A comprehensive data processing pipeline for cleaning, parsing, deduplicating HTML data, and importing it into Memgraph.
- Introduction
- Features
- Project Structure
- Installation
- Usage
- Configuration
- Logging
- Contributing
- License
This project processes HTML data through various stages including manual cleaning, decomposing into graph structures, deduplication, and importing into Memgraph for advanced querying and analysis. It utilizes asynchronous programming for improved performance.
- Manual Cleaning: Applies specific string replacements to clean HTML files.
- Decomposition: Parses HTML into graph structures using BeautifulSoup and NetworkX.
- Deduplication: Identifies and removes duplicate HTML files based on hashing and similarity metrics.
- CSV Preparation: Converts graph data into CSV files suitable for Memgraph import.
- Memgraph Integration: Imports processed data into Memgraph with defined relationships.
- Logging: Comprehensive logging at each processing stage for easy debugging and monitoring.

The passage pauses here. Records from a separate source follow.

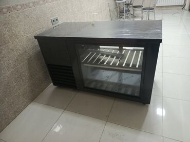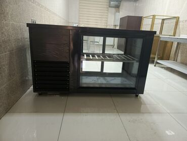 - Alt hissəsi şüşə vitrinli tezgah: üstü paslanmayan polad iş səthi, ön tərəfi sürgülü/şüşə qapılı vitrin; içəridə paslanmayan polad rəflər; solda kompressor bölməsi; tənzimlənən ayaqlar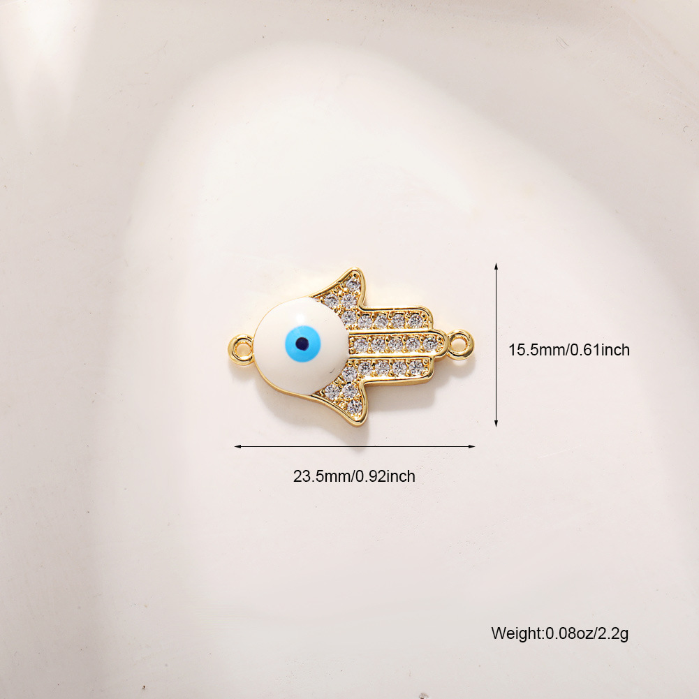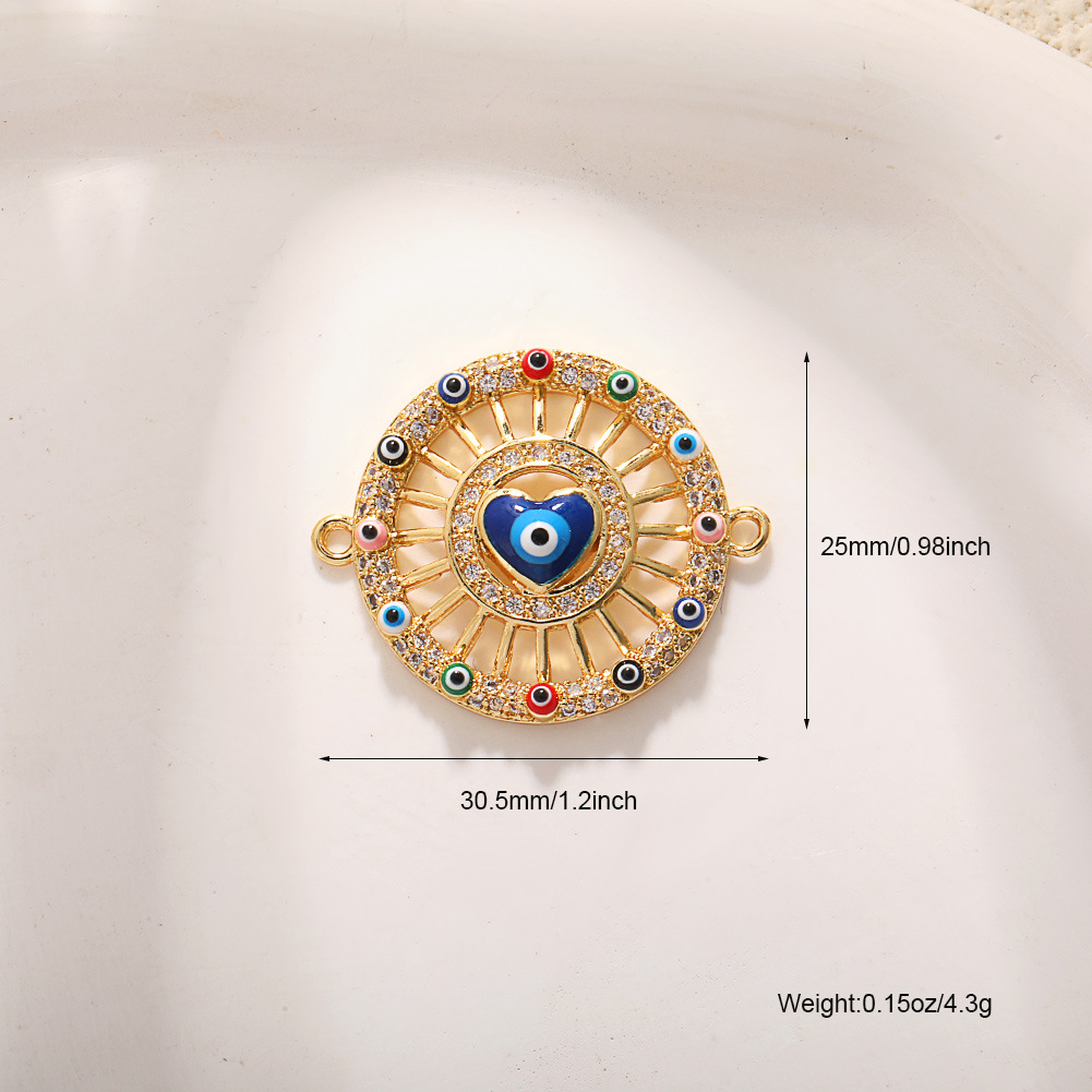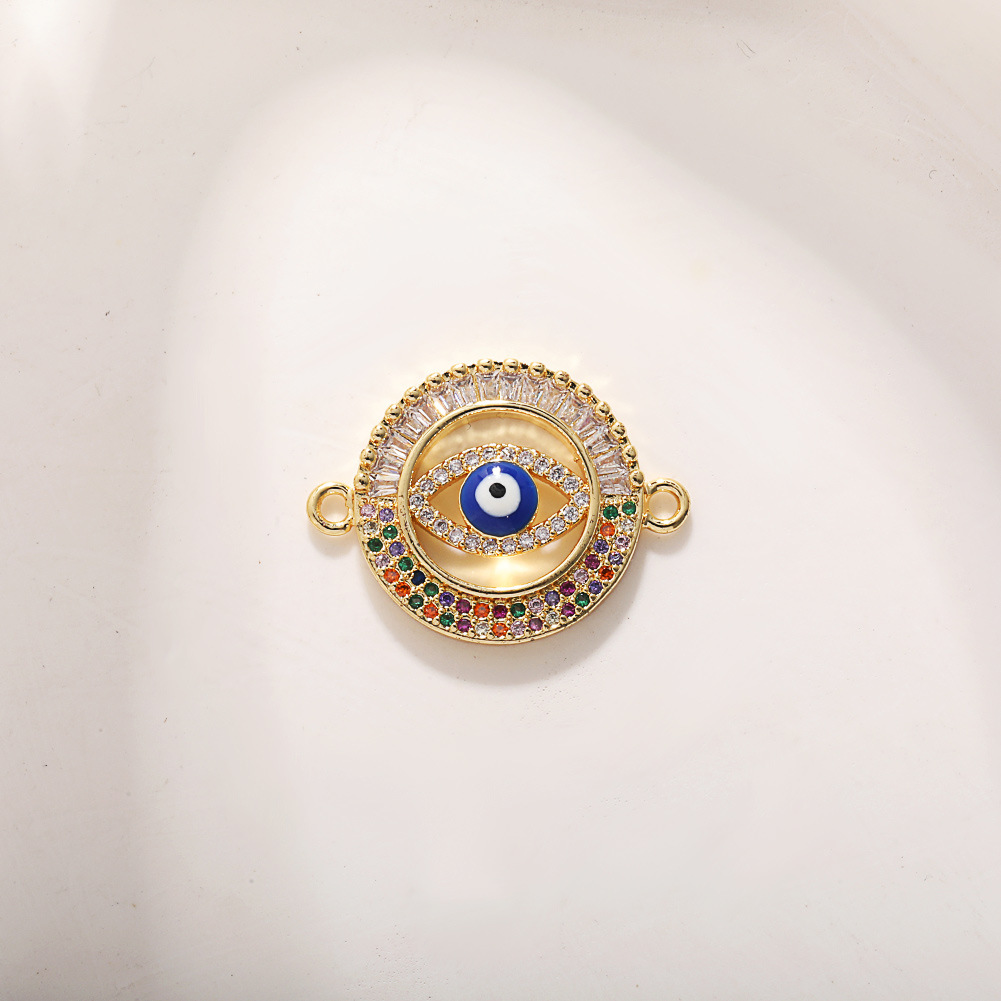 Evil Eye Connector Brass real gold plated DIY & micro pave cubic zirconia & enamel Sold By PC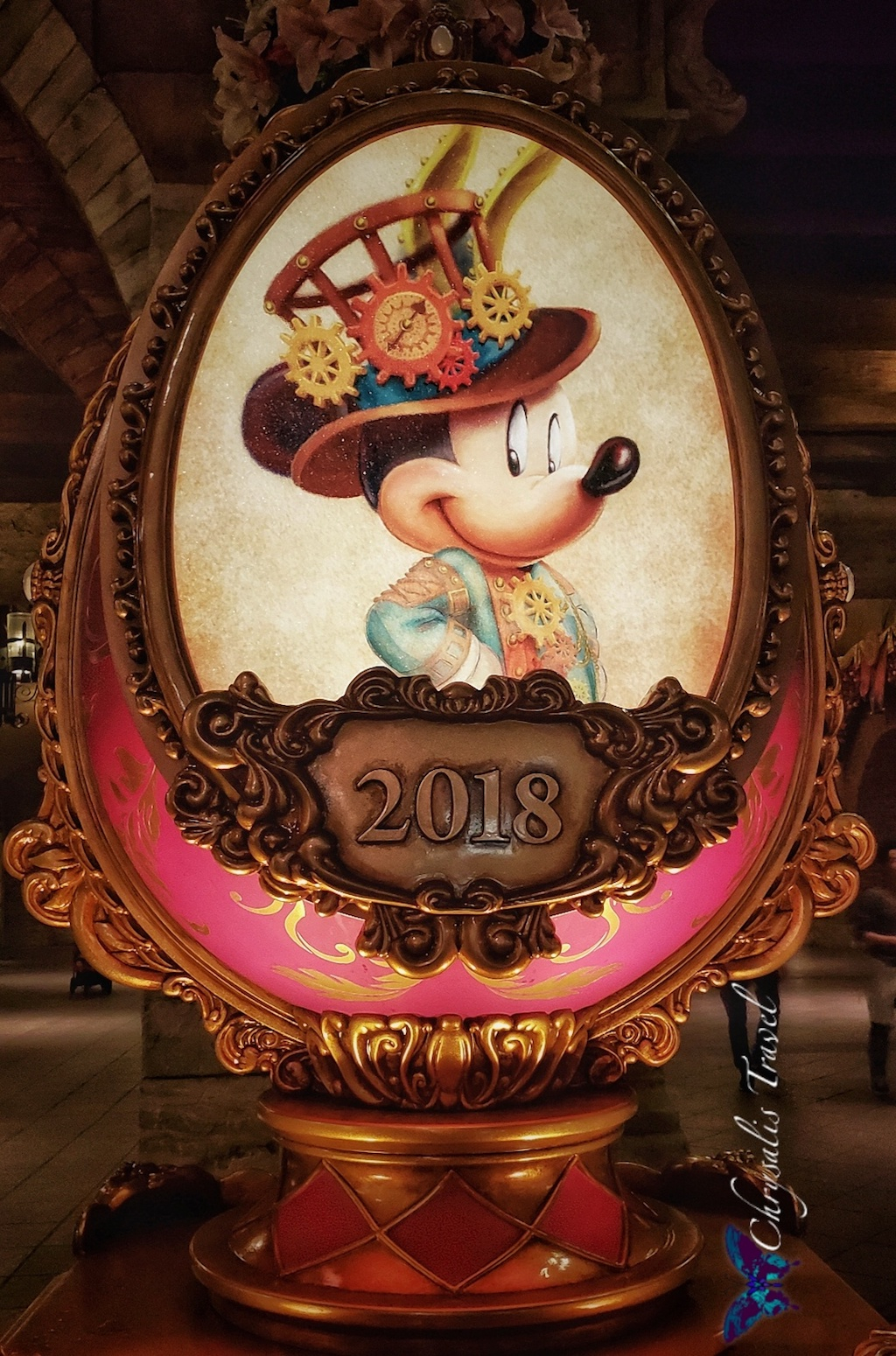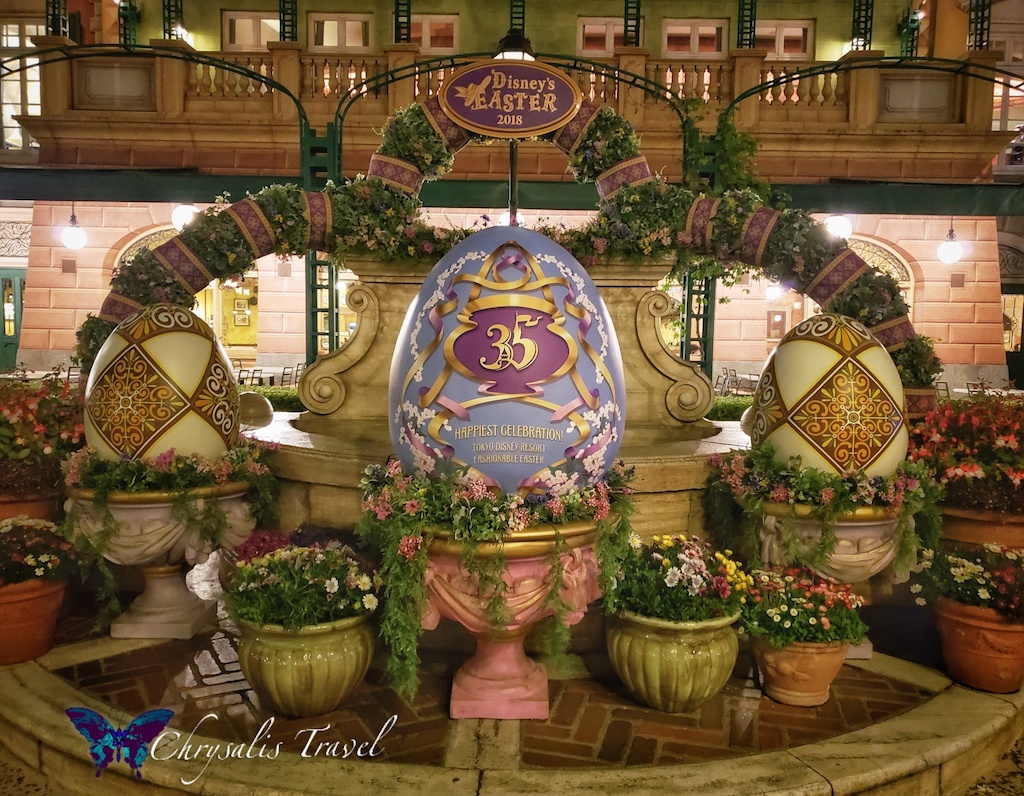 Throughout the Park, there were so many decorations custom-branded with both 35th Anniversary and Easter. “Disney’s Easter 2018” decorated the entry portal with flanking 35th “Happiest Celebration” medallions and banners. Travel tip: for a less crowded experience, go on a rainy weekday.Guests loved taking pictures with this grand egg display in Mediterranean Harbor. “Fashionable Easter” is the theme at Tokyo DisneySea. This special Easter egg commemorates the event.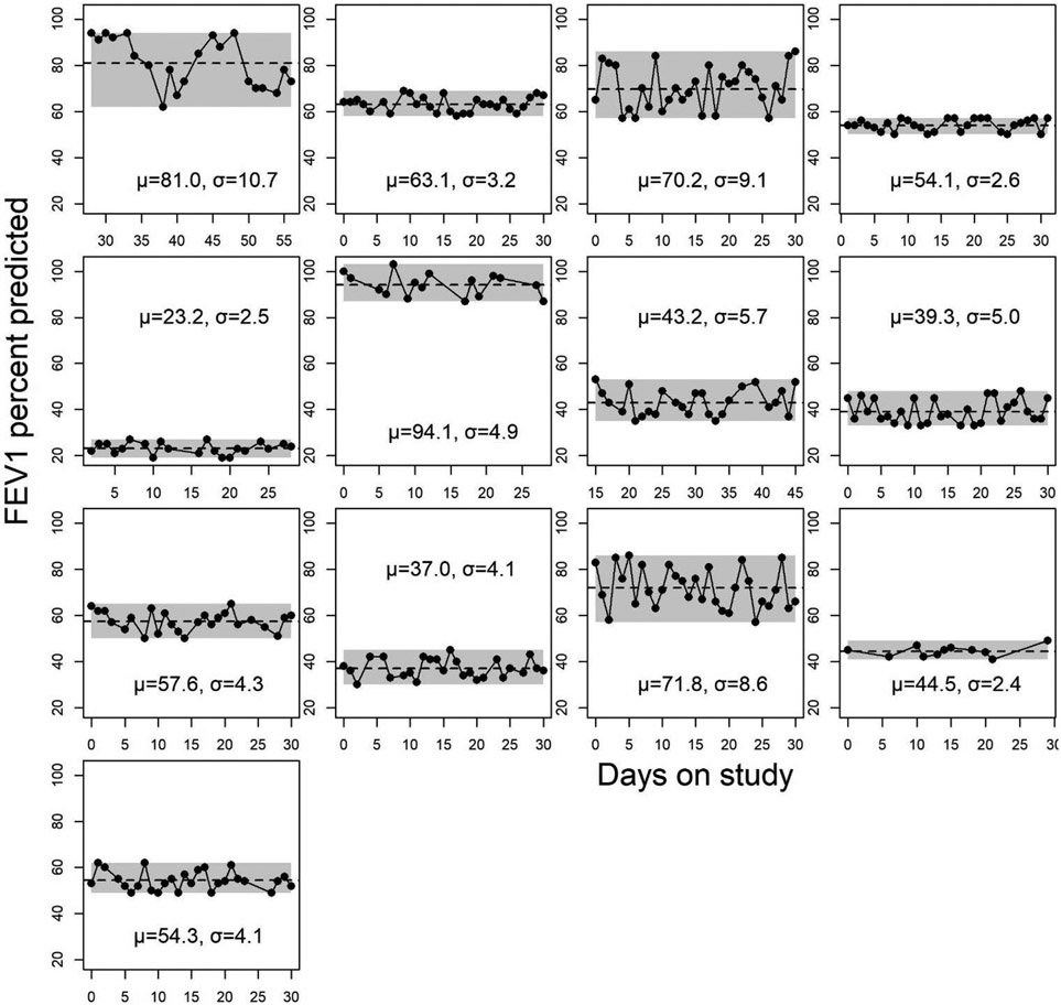 Clinical trials often demonstrate treatment efficacy through change in forced expiratory volume in one second (FEV1), comparing single FEV1 measurements from post- versus pre-treatment timepoints. Day-to-day variation in measured FEV1 is common for reasons such as diurnal variation and intermittent health changes, relative to a stable, monthly average. This variation can alter estimation of associations between change in FEV1 and baseline in predictable ways, through a phenomenon called regression to the mean. We quantify and explain day-to-day variation in percent-predicted FEV1 (ppFEV1) from 4 previous trials, and we present a statistical, data-driven explanation for potential bias in ceiling and floor effects due to commonly observed amounts of variation. We recommend accounting for variation when assessing associations between baseline value and change in CF outcomes in single-arm trials, and we consider possible impact of variation on conventional standards for study eligibility.

- Asynchronous Processing: Utilizes asyncio for improved performance in I/O-bound operations.
aonprd-parse/
├── config/
│ ├── config.py
│ └── config.yaml
├── src/
│ ├── cleaning/
│ │ ├── __init__.py
│ │ ├── manual_cleaning.py
│ │ └── cleaner.py
│ ├── decomposing/
│ │ ├── __init__.py
│ │ ├── decomposer.py
│ │ └── condense_decomposition.py
│ ├── importing/
│ │ ├── __init__.py
│ │ ├── csv_prep.py
│ │ └── memgraph.py
│ ├── processing/
│ │ ├── __init__.py
│ │ └── unwrap.py
│ ├── utils/
│ │ ├── __init__.py
│ │ ├── logging.py
│ │ ├── file_operations.py
│ │ └── data_handling.py
│ ├── __init__.py
│ └── process.py
├── data/
│ ├── raw_html_data/
│ ├── manual_cleaned_html_data/
│ ├── decomposed/
│ ├── condensed/
│ ├── processed/
│ └── import_files/
├── logs/
├── .gitignore
├── README.md
├── requirements.txt
└── pytest.ini
-
Clone the Repository:
git clone https://github.com/yourusername/aonprd-parse.git cd aonprd-parse
-
Set Up Virtual Environment:
python3 -m venv venv source venv/bin/activate # On Windows: venv\Scripts\activate
-
Install Dependencies:
pip install -r requirements.txt
Run the main processing script to execute the entire pipeline:
python src/process.py
Note: Ensure that all required directories and database files exist before running the scripts.
All configuration parameters are centralized in config/config.py
and config/config.yml
. Adjust paths, logging configurations, and processing limits as needed.
Logs are stored in the logs/
directory. Each script generates its own log file for easy tracking. Log levels can be adjusted in the configuration files.
Contributions are welcome! Please fork the repository and submit a pull request.
This project is licensed under the MIT License.